F. A partnership or limited partnership whose statement has been administratively
revoked may apply to the secretary of state for reinstatement within two years after the
effective date of the revocation. The application shall recite the name of the
partnership or limited partnership and the effective date of the revocation and state
that the grounds for revocation either did not exist or have been corrected. If another
corporation or partnership has adopted the name of the limited liability partnership or
another person has adopted the name of the limited liability partnership as a trade name,
the application shall be accompanied by an amendment to the statement of foreign
qualification that is in accordance with section 29-1105 and that adopts a new name for
the limited liability partnership that complies with section 29-1102.


G. A reinstatement under subsection F of this section relates back to and takes
effect as of the effective date of the administrative revocation, and the partnership's
or limited partnership's status as a limited liability partnership continues as if the
administrative revocation never occurred.


H. An amendment to the statement of qualification shall be filed by a limited
liability partnership or foreign limited liability partnership not later than sixty days
after the occurrence of any of the following:


1. A change in the name of the limited liability partnership.
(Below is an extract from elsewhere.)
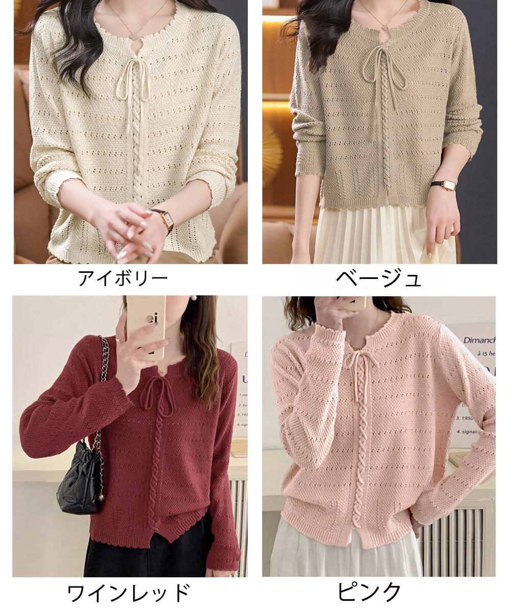 レディース 肌見せニット 長袖 ラウンドネック 無地 ニットセーター 通勤 透かし編みニット フェミニン 着回しトップス

2. A change in the address of the chief executive office of the partnership.


3. The partnership or limited partnership has knowledge that a material statement
in the statement of qualification was false or inaccurate when made or that any facts
described therein have changed, making the statement of qualification inaccurate in any
material respect.


I. An amendment to the statement of qualification may be filed for any other proper
purpose. The filing of a statement of cancellation by or on behalf of a partnership or
limited partnership pursuant to this section shall be effective only to cancel the
partnership's or limited partnership's qualification as a limited liability partnership
and, unless it specifically so provides, shall not indicate the dissolution of the
partnership or limited partnership. On any revocation or the filing of any statement of
cancellation, the secretary of state shall be the agent for service of process in any
action, suit or proceeding based on any cause of action arising during the time the
limited liability partnership was qualified under section 29-1101 or the foreign limited
liability partnership was authorized to transact business in this state.